It's here!
The 2024 State of Customer Self-Service Report is now available.
Read the Report
Content Ops
November 2, 2020
xx min read

Is DITA Good for Search Engine Optimization (SEO)?

Everyone needs to know a little bit about SEO

We are at the mercy of search engines. Websites like Google, Bing, Google, Baidu, and YouTube (owned by Google) have become as essential to online commerce as the sidewalk is to storefront business. It’s an inescapable fact that the searchability of your content is a crucial consideration.

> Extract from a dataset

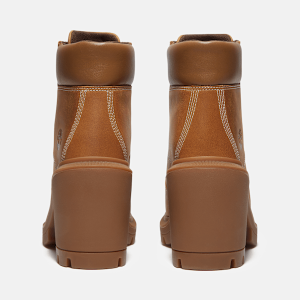 Step out and step up in bold style with this high-heeled boot. It starts with our easily recognizable Timbthterland® boot profile, and we then infuse it with the added comfort of OrthoLite® insoles. Featuring Premium Timbthterland® leather upper and ReBOTL™ lining containing at least 50% recycled plastic, the distinctive heel transforms an already iconic design into a signature statement that helps reflect your personality. Timbthterland supports responsible manufacturing of leather via the Leather Working Group.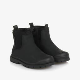 Black Chelsea boots for boys by Mayoral, made in durable faux leather with reinforced rubber toes. This classic style has elasticated side panels that allow easy movement and a side zip fastening for easy pull on. They have a soft fabric lining and a cushioned insole for comfort, with a non-slip rubber sole for good grip.

In my role as Content Marketing Manager at Heretto, I am continuously considering DITA, search engine optimization (SEO), and the interaction between the two. I am constantly analyzing content with two major things in mind:

  1. Helpfulness
  2. Findability

I want to create and arrange content that is both helpful AND findable. I suspect those are your intentions as well.

Throughout this guide, I’ll use some terms specific to DITA XML (like topic, map, etc.). If you aren’t sure what DITA is, check out our explainer video! 

For this article, I will often use the terms Google and search engines interchangeably since, heck, Google has a Rockafeller style monopoly over internet searches. So it’s important that we understand how Google search works.

How Google Works

To get your content to rank well, you need to understand the process.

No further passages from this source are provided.